### WORK ORDER
Only the lines running from the line with "The Stratos model is" to the end of the listing below should be copied, exactly, without pictures.

### PROVIDED DATA
———
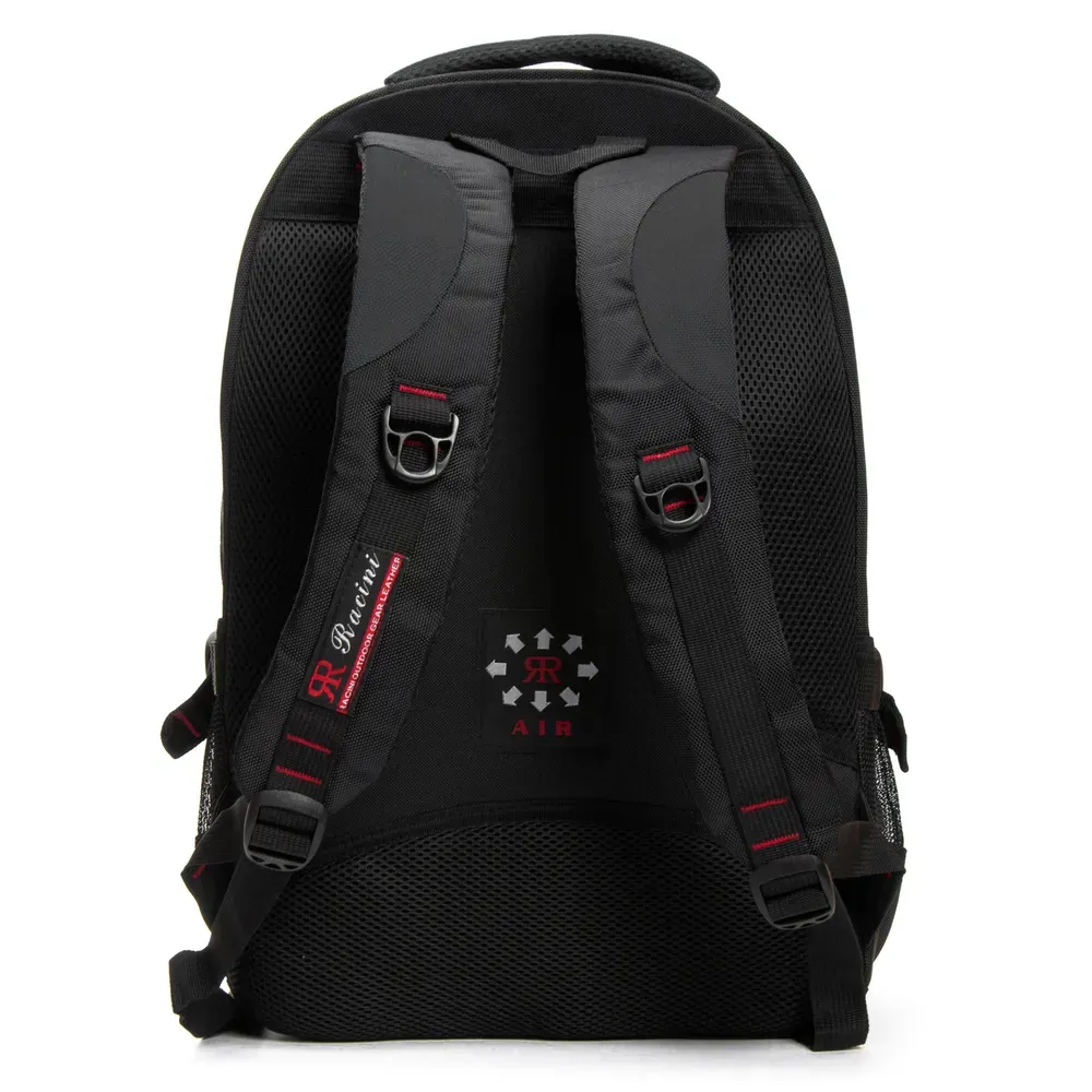 Городской рюкзак "Racini". Плотная спинка с мягкими вставками. Внутри рюкзака два отделения на молнии. В первом отделении расположен карман- органайзер, во-втором отделении есть карман для ноутбука и карман для смартфона. На фасаде находится вместительный карман на молнии. Снаружи на боковых сторонах рюкзака расположены карманы-сетки для бутылок воды объемом 0,5 литров.
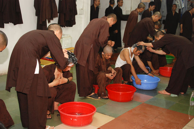 Ngoài những nghi lễ thông thường cho một buổi thế phát, các thiện nam này đã được nghe Thượng tọa trụ trì – Thích Chân Tính nêu ý nghĩa cũng như những khó khăn khi lựa chọn con đường theo đấng Thiện Thệ một cách ngắn gọn và súc tích.
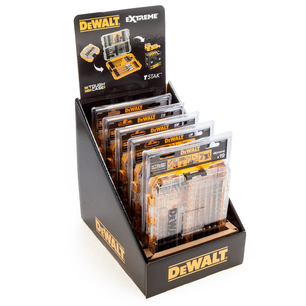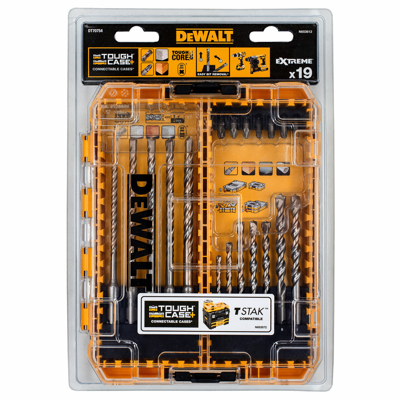 The Dewalt DT70754 is a 19 Piece Masonry Drill and Driver Bit Set that comes in a modular, stackable medium tough case. Designed for secure storage of accessories. Clear lid for easy bit identification. Easy bit removal and replacement. Use the locking system to connect the cases together, and securely stack with small, medium, and large Toughcases.
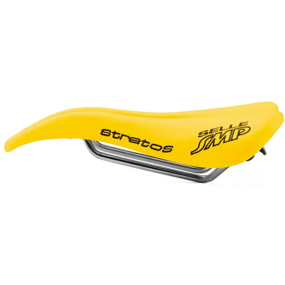 The Stratos model is the ideal seat for both intensive training and free time cycling. It uses the structure of the Composit model joined with average padding. It is covered in real leather in the black versions and microfiber in the colored versions. It has excellent “all-around” features and is particularly suited for the average pelvis. The STRATOS model has foamed elastomer padding where the ischial tuberosities and rear rest. The patented features by Selle SMP, such as the completely free central channel, the original eagle-beak nose and the raised rear give these models an interesting aerodynamic touch. In virtue of the combination of light yet comfortable padding with a body of smaller width, Stratos is the ideal solution between the Evolution and Glider models. Suited for people with a narrow or medium-sized pelvis.
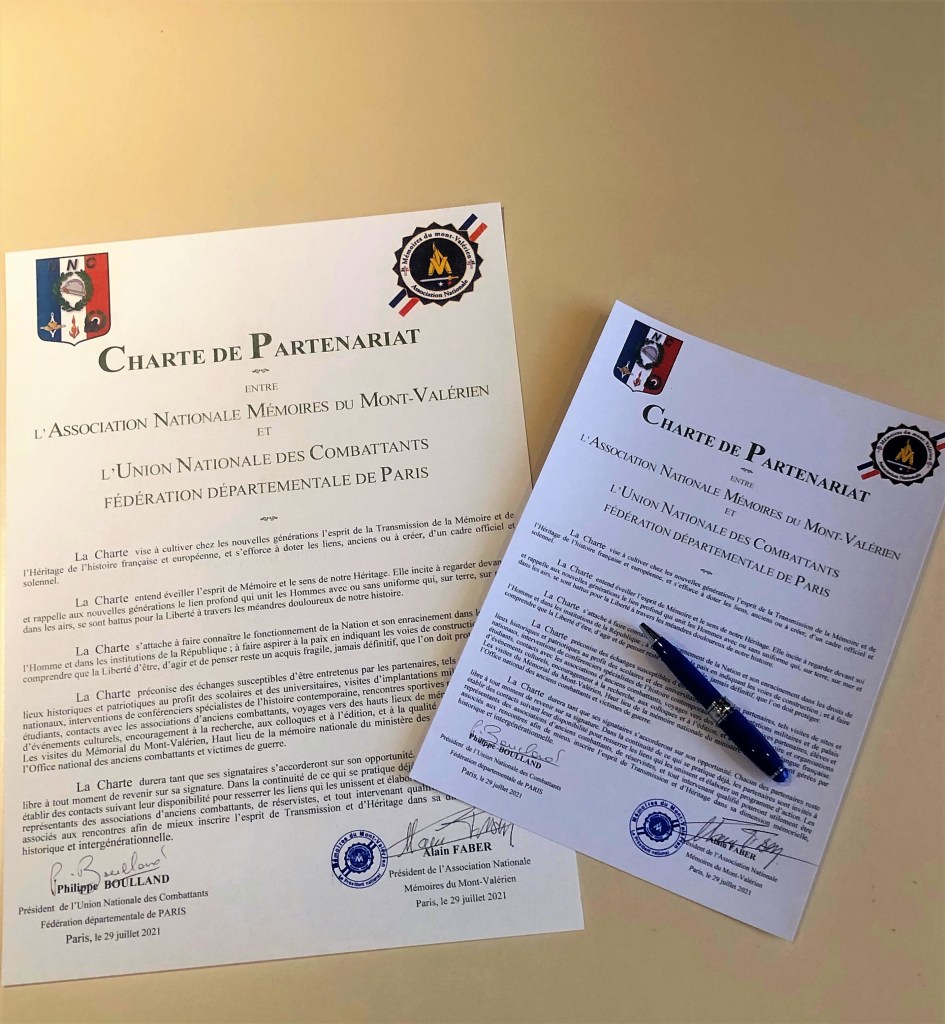 Ce jour le 29 juillet 2021 à 11h00, au siège de l’Union Nationale des Combattants Fédération Départementale de Paris et sous le regard très bien veillant du Père BROTTIER que fut signé par les Présidents Alain FABER des Mémoires du Mont-Valérien et Philippe BOULLAND, de l’Union Nationale des Combattants Fédération Départementale de Paris, la « Charte de Partenariat » permettant une étroite coopération entre les deux associations. Chacune gardant sont indépendance et sa spécificité.
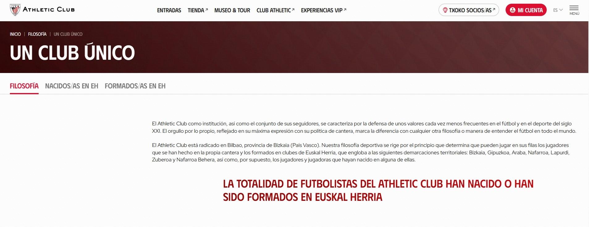 關於自己的選人用人原則,畢爾巴鄂競技在官網上是這樣寫的:“我們的體育理念遵循以下原則:只有出自我們青訓營的球員,以及在巴斯克地區,包括以下地區:比斯開、基普斯誇、阿拉瓦(巴斯克自治區的三個省)、納瓦拉(西班牙自治區,也是巴斯克地區之一)、拉普爾迪、蘇貝羅阿和下納瓦拉(法國巴斯克地區)的俱樂部訓練的球員,以及出生在這些地區的球員,才能加入我們的隊伍。”
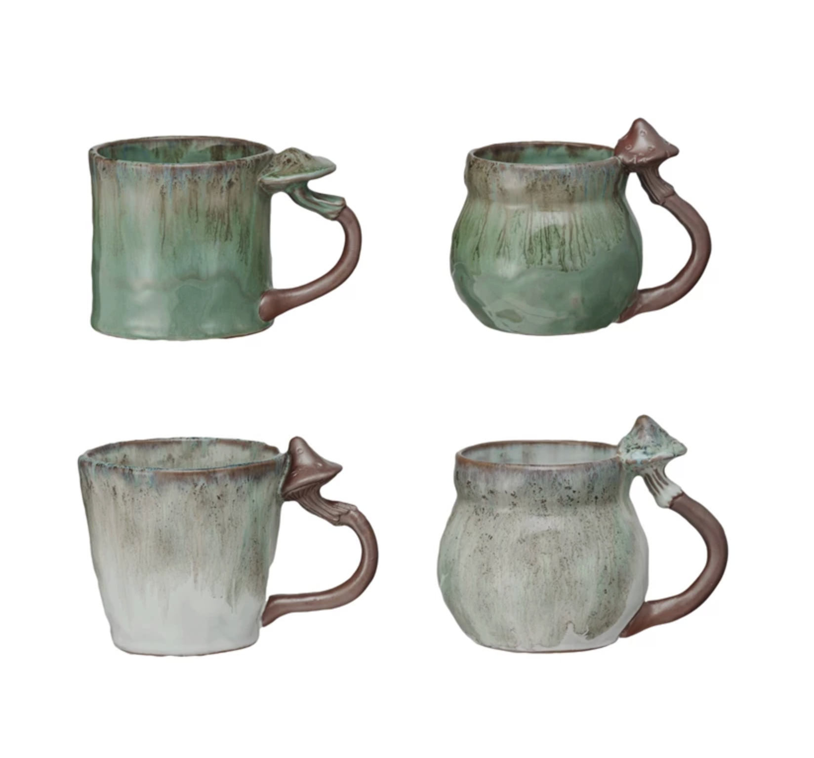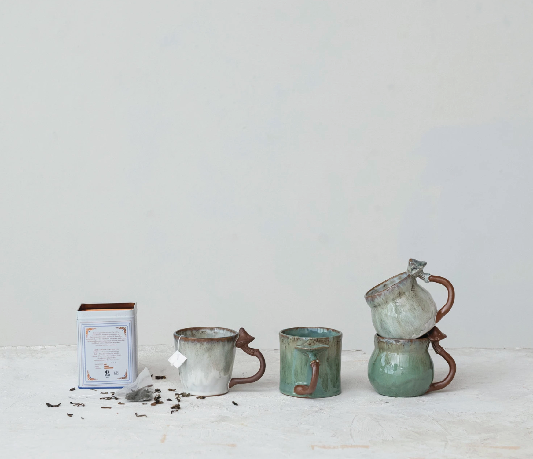 14 oz. Stoneware Mug w/ Mushroom Handle, 4 Styles (Each One Will Vary) Sold individually
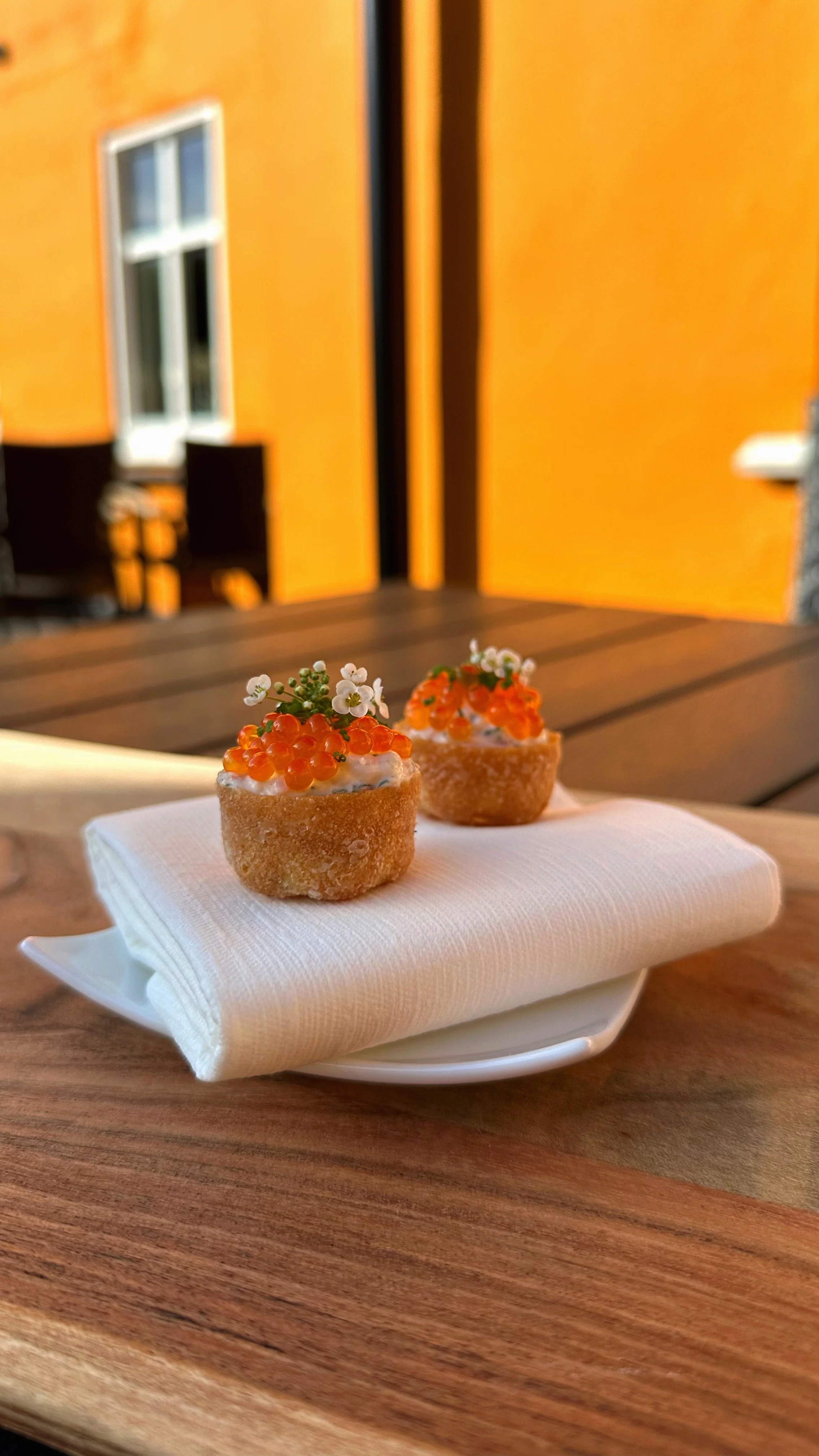 Saltvaffel m. trøffelmayo og iberico-skinke.
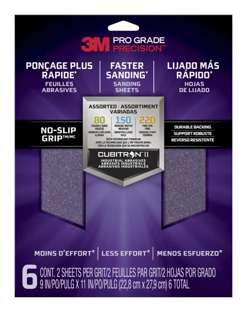 - 3M Pro Grade No-Slip Full Sheet Sandpaper features multiple grits for project sanding and finishing
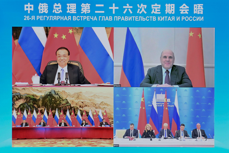11月30日下午,国务院总理李克强在北京人民大会堂与俄罗斯总理米舒斯京共同主持中俄总理第二十六次定期会晤。会晤以视频方式举行。国务院副总理、中俄投资合作委员会、能源合作委员会中方主席韩正出席。新华社记者 李响 摄
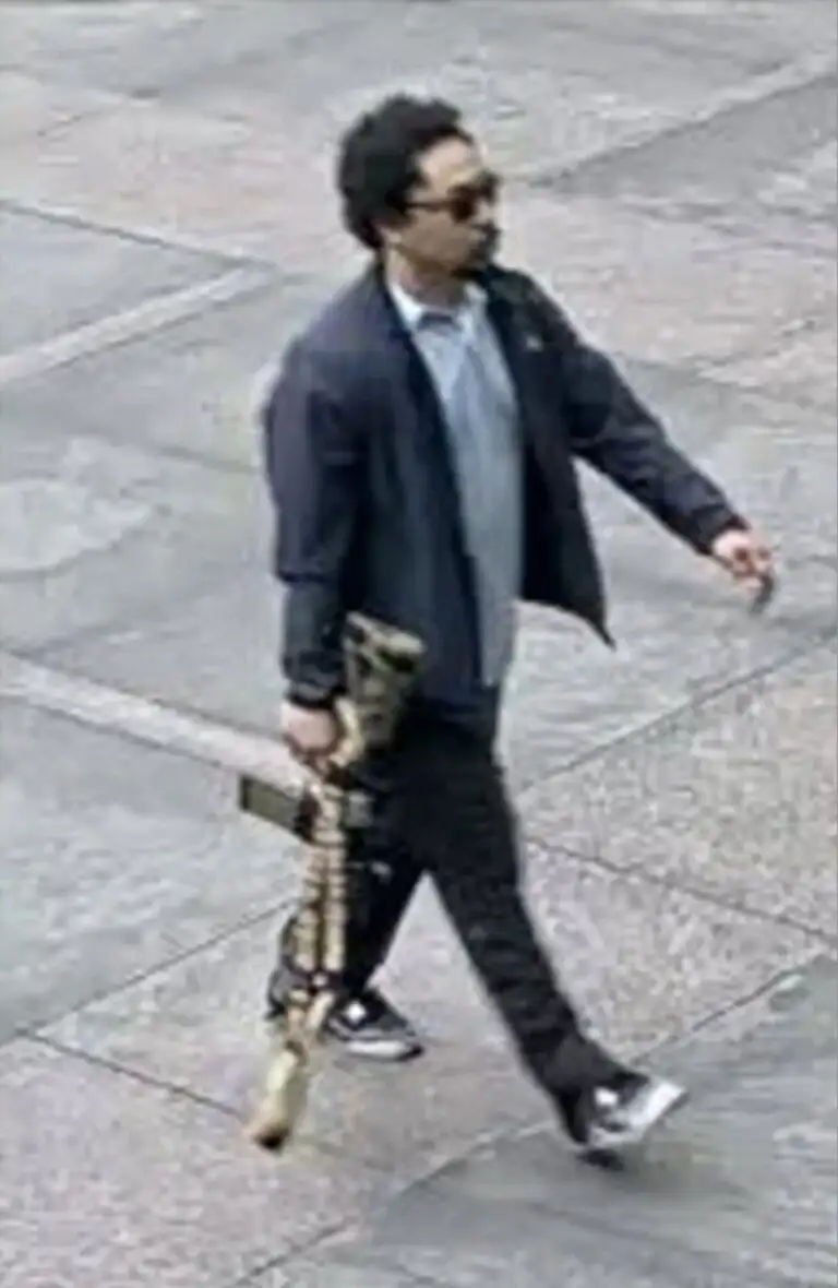 Φωτογραφίες καταγράφουν τον δράστη να περπατά ήρεμα προς την είσοδο του κτιρίου, κρατώντας ανενόχλητος το όπλο του, ένα επιθετικό τουφέκι τύπου Μ4, λίγο πριν ξεκινήσει το μακελειό.
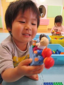 ブロックやままごとでも色々な遊び方を発見したり試したりしています![]()
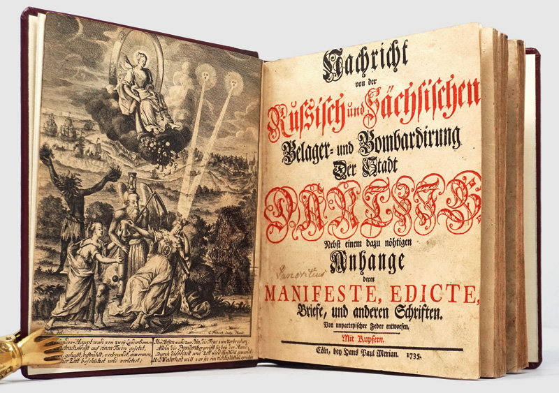 (1686-1745)Nachricht von der Belagerung- und Bombardirung der Stadt Dantzig. Köln, H. P. Merian, 1735. Erste Ausgabe
———
### EXERCISE RESPONSE
 The Stratos model is the ideal seat for both intensive training and free time cycling. It uses the structure of the Composit model joined with average padding. It is covered in real leather in the black versions and microfiber in the colored versions. It has excellent “all-around” features and is particularly suited for the average pelvis. The STRATOS model has foamed elastomer padding where the ischial tuberosities and rear rest. The patented features by Selle SMP, such as the completely free central channel, the original eagle-beak nose and the raised rear give these models an interesting aerodynamic touch. In virtue of the combination of light yet comfortable padding with a body of smaller width, Stratos is the ideal solution between the Evolution and Glider models. Suited for people with a narrow or medium-sized pelvis.
 Ce jour le 29 juillet 2021 à 11h00, au siège de l’Union Nationale des Combattants Fédération Départementale de Paris et sous le regard très bien veillant du Père BROTTIER que fut signé par les Présidents Alain FABER des Mémoires du Mont-Valérien et Philippe BOULLAND, de l’Union Nationale des Combattants Fédération Départementale de Paris, la « Charte de Partenariat » permettant une étroite coopération entre les deux associations. Chacune gardant sont indépendance et sa spécificité.
 關於自己的選人用人原則,畢爾巴鄂競技在官網上是這樣寫的:“我們的體育理念遵循以下原則:只有出自我們青訓營的球員,以及在巴斯克地區,包括以下地區:比斯開、基普斯誇、阿拉瓦(巴斯克自治區的三個省)、納瓦拉(西班牙自治區,也是巴斯克地區之一)、拉普爾迪、蘇貝羅阿和下納瓦拉(法國巴斯克地區)的俱樂部訓練的球員,以及出生在這些地區的球員,才能加入我們的隊伍。”
 14 oz. Stoneware Mug w/ Mushroom Handle, 4 Styles (Each One Will Vary) Sold individually
 Saltvaffel m. trøffelmayo og iberico-skinke.
 - 3M Pro Grade No-Slip Full Sheet Sandpaper features multiple grits for project sanding and finishing
11月30日下午,国务院总理李克强在北京人民大会堂与俄罗斯总理米舒斯京共同主持中俄总理第二十六次定期会晤。会晤以视频方式举行。国务院副总理、中俄投资合作委员会、能源合作委员会中方主席韩正出席。新华社记者 李响 摄
 Φωτογραφίες καταγράφουν τον δράστη να περπατά ήρεμα προς την είσοδο του κτιρίου, κρατώντας ανενόχλητος το όπλο του, ένα επιθετικό τουφέκι τύπου Μ4, λίγο πριν ξεκινήσει το μακελειό.
 ブロックやままごとでも色々な遊び方を発見したり試したりしています![]()
 (1686-1745)Nachricht von der Belagerung- und Bombardirung der Stadt Dantzig. Köln, H. P. Merian, 1735. Erste Ausgabe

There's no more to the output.